[Dataset excerpts]
========

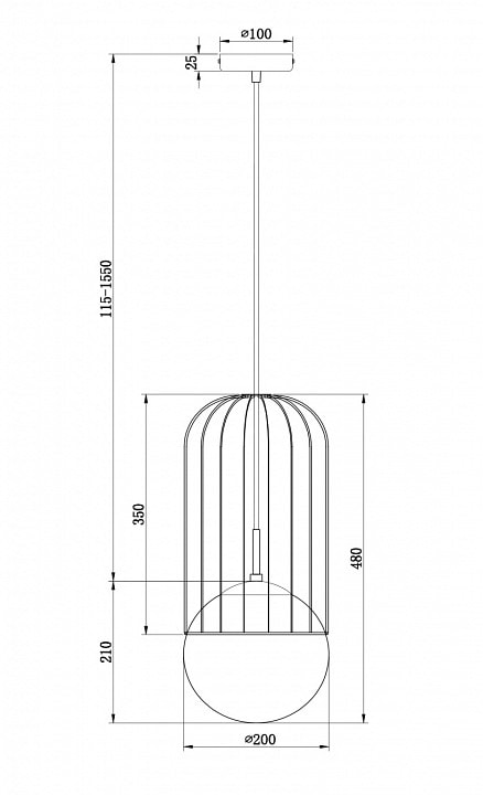 Светильник имеет диаметр 200 мм и высоту 595 мм, что делает его идеальным для размещения на потолке. Он оснащен одним плафоном, который направлен вниз, обеспечивая равномерное и мягкое освещение. Максимальная мощность лампы составляет 60 Вт, а тип цоколя – E27, что позволяет использовать лампы накаливания для достижения желаемого эффекта освещения.
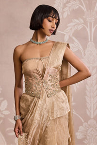Make a statement with the Iris Corset Belt, featuring all-over embroidery on delicate tissue fabric. This structured accessory sculpts your waist while adding intricate artisanal detail- perfect for elevating traditional kurtas or contemporary outfits with a bold, fashion-forward edge.
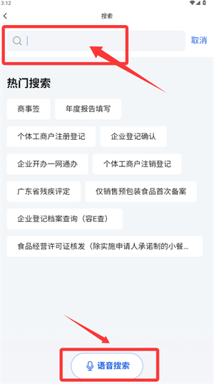 4、查找事项时可输入关键词搜索,或使用语音搜索进行查询。
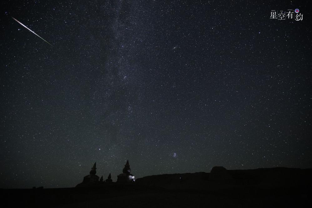 2018年8月13日,在內(nèi)蒙古阿拉善盟額濟(jì)納旗拍攝的英仙座流星雨。(周博 攝)
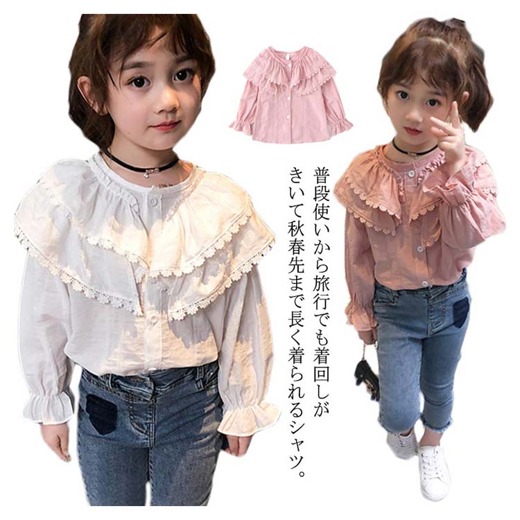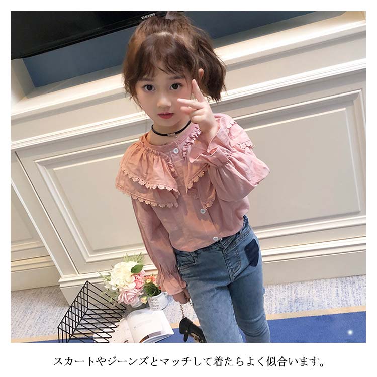 ブラウス 子供服 シャツ 女の子 長袖 トップス カジュアルシャツ ガールズ キッズ服 シンプル 春秋 ファッション感 入学式 入園式 卒業 可愛い 90cm 100cm 110cm 120cm 130cm 140cm
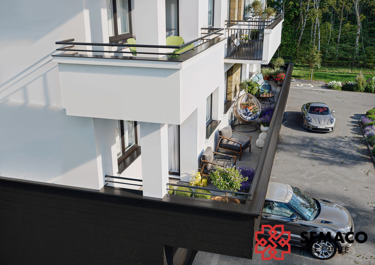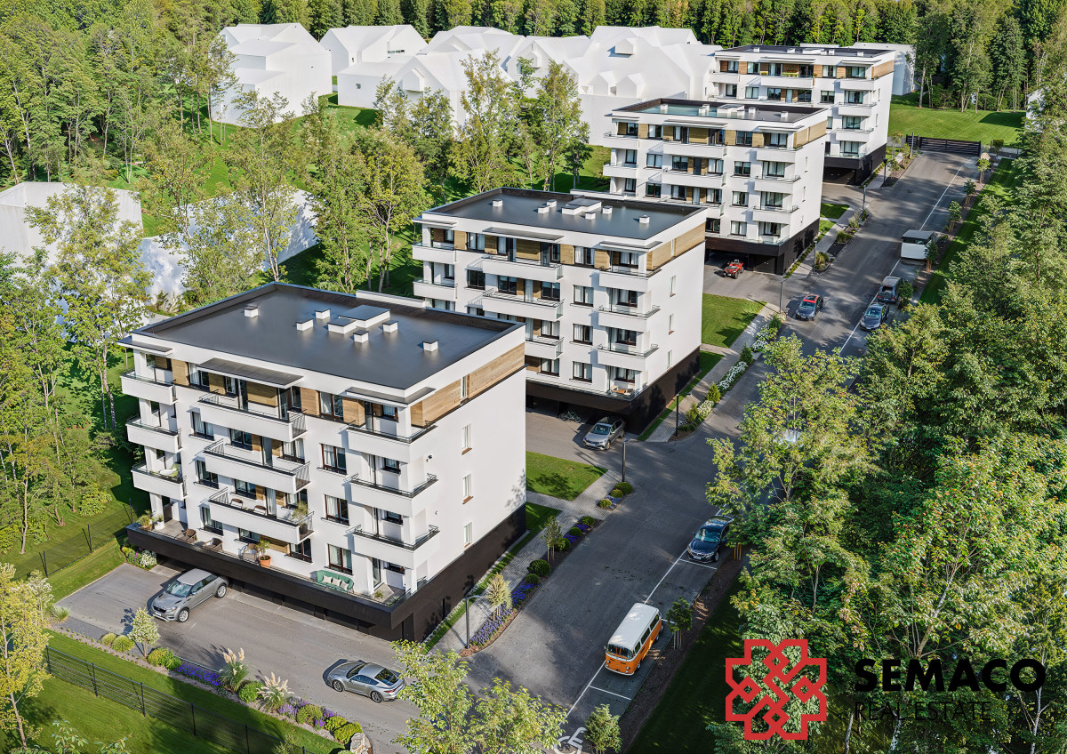 Kameralny projekt obejmuje budowę 4 trzypiętowych bloków usytuowanych kaskadowo.
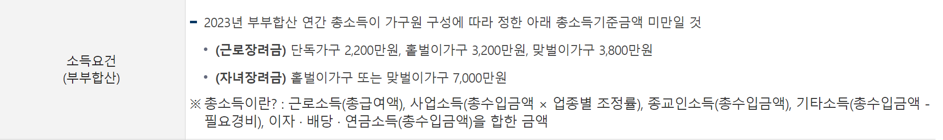 답변 4. 근로장려금의 소득 기준은 가구 유형과 소득 금액에 따라 달라집니다. 현재 단독가구는 연소득이 일정 금액 이하, 외벌이 가구와 맞벌이 가구 역시 상응하는 소득 기준에 부합해야 합니다.

========

_What you will do:_
Set down every entry word for word, but omit the pictures.

_Answer to this exercise:_
 Светильник имеет диаметр 200 мм и высоту 595 мм, что делает его идеальным для размещения на потолке. Он оснащен одним плафоном, который направлен вниз, обеспечивая равномерное и мягкое освещение. Максимальная мощность лампы составляет 60 Вт, а тип цоколя – E27, что позволяет использовать лампы накаливания для достижения желаемого эффекта освещения.
Make a statement with the Iris Corset Belt, featuring all-over embroidery on delicate tissue fabric. This structured accessory sculpts your waist while adding intricate artisanal detail- perfect for elevating traditional kurtas or contemporary outfits with a bold, fashion-forward edge.
 4、查找事项时可输入关键词搜索,或使用语音搜索进行查询。
 2018年8月13日,在內(nèi)蒙古阿拉善盟額濟(jì)納旗拍攝的英仙座流星雨。(周博 攝)
 ブラウス 子供服 シャツ 女の子 長袖 トップス カジュアルシャツ ガールズ キッズ服 シンプル 春秋 ファッション感 入学式 入園式 卒業 可愛い 90cm 100cm 110cm 120cm 130cm 140cm
 Kameralny projekt obejmuje budowę 4 trzypiętowych bloków usytuowanych kaskadowo.
 답변 4. 근로장려금의 소득 기준은 가구 유형과 소득 금액에 따라 달라집니다. 현재 단독가구는 연소득이 일정 금액 이하, 외벌이 가구와 맞벌이 가구 역시 상응하는 소득 기준에 부합해야 합니다.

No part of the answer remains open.